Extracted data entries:
*** Begin section ***
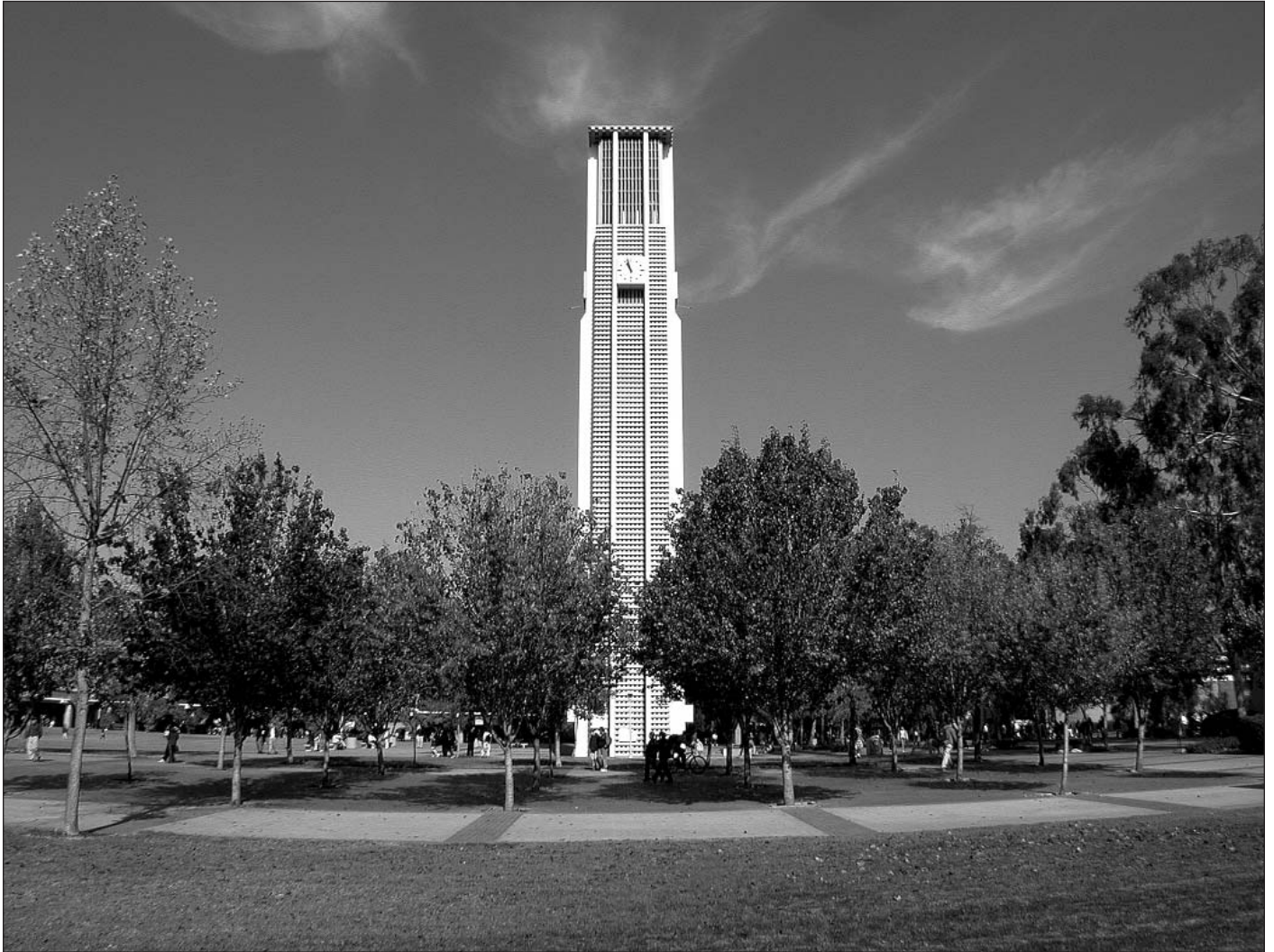
Nestled at the foot of the Box Springs Mountains, UC Riverside's 1,200-acre park-like campus includes the landmark 161-foot Bell Tower, the 40-acre Botanic Gardens, and acres of citrus groves (a resource for UCR research).
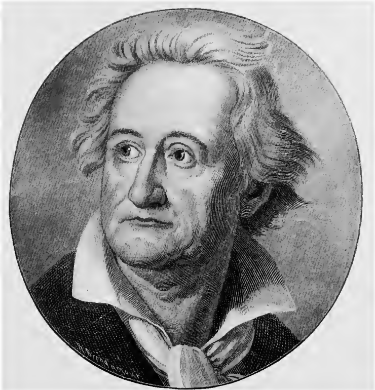
GOETHE BY KOLBE (From Heinemann's Goethe )
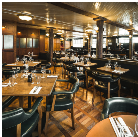
Borough SE1 9AQ
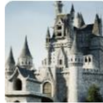
Once Upon a time
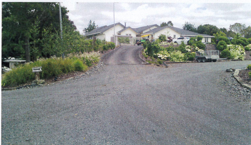
Internal access to former golf club room / Cardrona building (Lot 8)
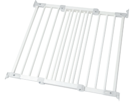
PATRULL FAST safety gate (Article No. 902.265.18)
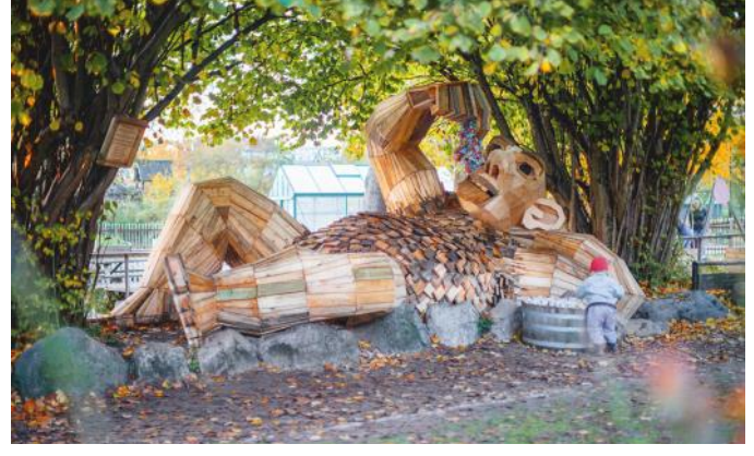
Image: Sutte Trolden Sanka (Pacifier Troll) Copenhagen, Denmark
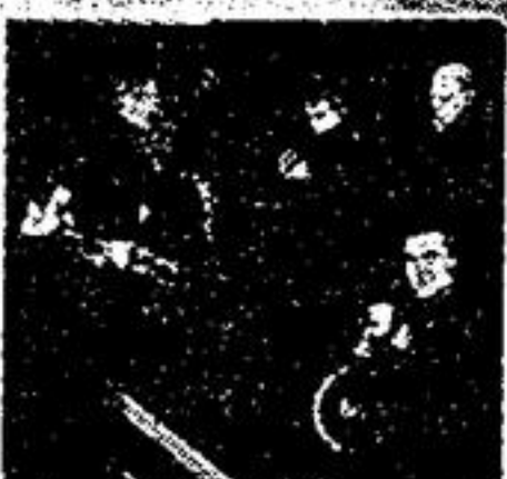
CANADIAN BRASS CHRISTMAS Dec. 1, 2002
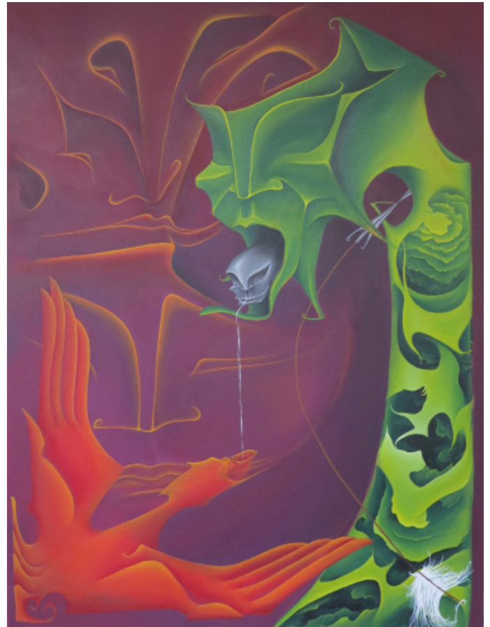
Alfie Rouy, Swyft Arrow , Acrylic on Canvas, 100 x 70 cm
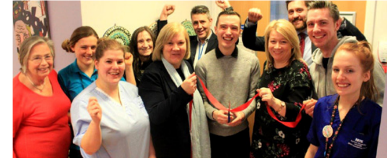
The Play2Give room at Oxford Children's Hospital
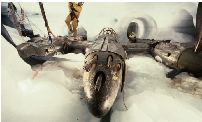
Glacier Girl buried in the ice during recovery efforts

Below: Glacier Girl fully restored and flying
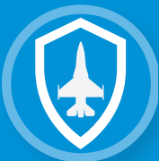
AVIATION DEFENSE SPACE
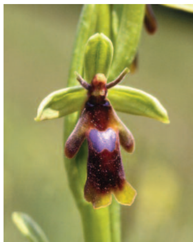
Plate 5: Ophrys insectifera forma luteomarginata with greenish-brown petals
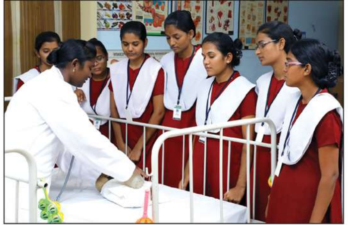
CHILD HEALTH NURSING LAB
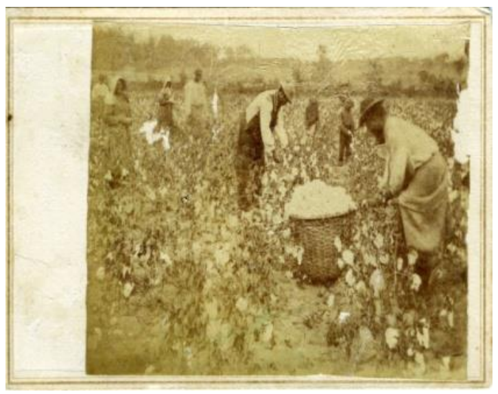
Slaves Harvesting Southern Cotton

The Southern commitment to slavery is evident in population data from 1775.
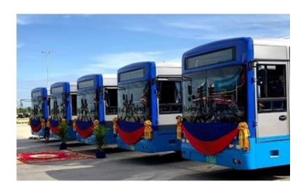
Japanese buses which were donated to Phnom Penh. Cambodia in 2017

In 2011, in Vientiane, Laos, besides the provision of large buses, we launched a project focusing on the improvement of bus operations. With the strengthening of the operation system of the public bus corporation, we succeeded in improving the balance of city's bus business by optimizing the operation timetable, route plan, and fare system.
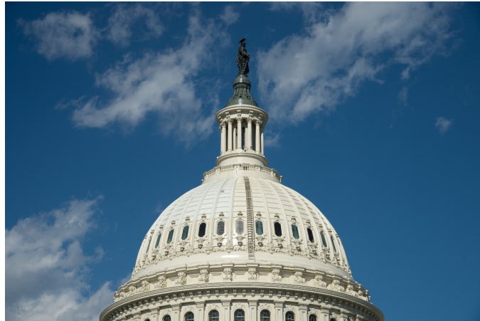
U.S. CAPITOL DOME AND THE STATUE OF FREEDOM

Prior to becoming Acting Architect of the Capitol, I spent eight years as the Deputy Architect of the Capitol and the Chief Operating Officer. I learned much about the agency, Congress and the needs of the Capitol campus in that role. And I am energized by the people who work here. The AOC's small but nimble group of employees is not always recognized, but their work matters greatly, and they have a passion and desire to do the best job possible to serve Congress and the Supreme Court, preserve America's Capitol, and inspire memorable visitor experiences.
*** End section ***
* Prompt:
Could you retype every record exactly, leaving the pictures out?

* Result for this exercise:
Nestled at the foot of the Box Springs Mountains, UC Riverside's 1,200-acre park-like campus includes the landmark 161-foot Bell Tower, the 40-acre Botanic Gardens, and acres of citrus groves (a resource for UCR research).
GOETHE BY KOLBE (From Heinemann's Goethe )
Borough SE1 9AQ
Once Upon a time
Internal access to former golf club room / Cardrona building (Lot 8)
PATRULL FAST safety gate (Article No. 902.265.18)
Image: Sutte Trolden Sanka (Pacifier Troll) Copenhagen, Denmark
CANADIAN BRASS CHRISTMAS Dec. 1, 2002
Alfie Rouy, Swyft Arrow , Acrylic on Canvas, 100 x 70 cm
The Play2Give room at Oxford Children's Hospital
Glacier Girl buried in the ice during recovery efforts

Below: Glacier Girl fully restored and flying
AVIATION DEFENSE SPACE
Plate 5: Ophrys insectifera forma luteomarginata with greenish-brown petals
CHILD HEALTH NURSING LAB
Slaves Harvesting Southern Cotton

The Southern commitment to slavery is evident in population data from 1775.
Japanese buses which were donated to Phnom Penh. Cambodia in 2017

In 2011, in Vientiane, Laos, besides the provision of large buses, we launched a project focusing on the improvement of bus operations. With the strengthening of the operation system of the public bus corporation, we succeeded in improving the balance of city's bus business by optimizing the operation timetable, route plan, and fare system.
U.S. CAPITOL DOME AND THE STATUE OF FREEDOM

Prior to becoming Acting Architect of the Capitol, I spent eight years as the Deputy Architect of the Capitol and the Chief Operating Officer. I learned much about the agency, Congress and the needs of the Capitol campus in that role. And I am energized by the people who work here. The AOC's small but nimble group of employees is not always recognized, but their work matters greatly, and they have a passion and desire to do the best job possible to serve Congress and the Supreme Court, preserve America's Capitol, and inspire memorable visitor experiences.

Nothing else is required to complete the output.